Using transforms in job definitions

The following code snippets are equivalent.

This one relies on the domain specific language (DSL) “magic” defined in kiba:

Kiba.job_segment do
  transform Merge::ConstantValue, target: :data_source, value: 'source system'
end

This one uses plain Ruby to set up the transform class and calls its :process method on each row:

Kiba.job_segment do
  xform = Merge::ConstantValue.new(target: :data_source, value: 'source system')
  transform{ |row| xform.process(row) }
end

The second one might be useful in situations when you are trying to set things up more flexibly.

Calling a job with parameters

No need to write repetitive jobs with the exact same logic to handle variable values that differ according to a pattern.
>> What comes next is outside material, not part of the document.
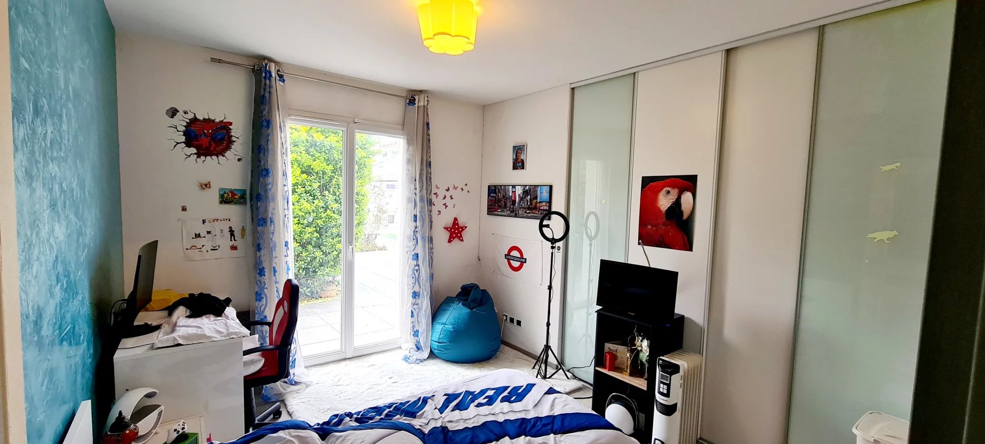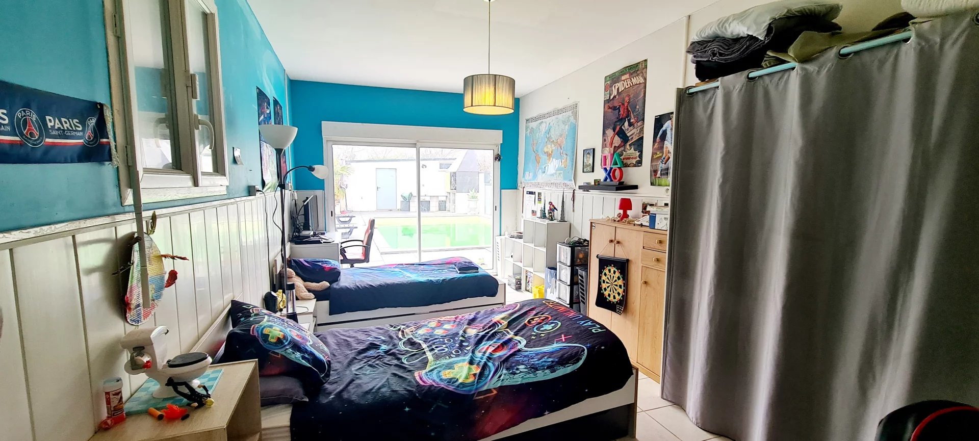 -Une grande chambre ou salle de jeu, avec vue directe sur la piscine, idéale pour se divertir ou se relaxer.

See File registry documentation on Hash creator for a full example of how to do this.

Automating repetitive file registry

The basic idea of this is:

  • write code that generates Project.registry register commands with registry keys and hashes, according to the necessary pattern.
  • call this code from within Project::RegistryData.register before register_files is called.

One pattern for doing this is publicly viewable in the kiba-tms project. register_supplied_files automates registry of the original TMS CSV files included in the project. register_prep_files automates the creation of entries for all original files into a prep namespace. If a custom prep method or module has been creating matching the name pattern, it will be used as the creator. Otherwise, the creator will be Kiba::Tms::Jobs::AbstractPrep, which removes TMS-specific fields and deletes any empty fields.

Another example (in LYRASIS private repo) is here.

Running jobs, and checking srcrows and outrows counts from client project code

Since 3.1.0, you can do this from any project using kiba-extend:

job = Kiba::Extend::Command::Run.job(:prep__objects)
puts "Some records omitted" if job.outrows < job.srcrows

This assumes :prep__objects is registered as a job.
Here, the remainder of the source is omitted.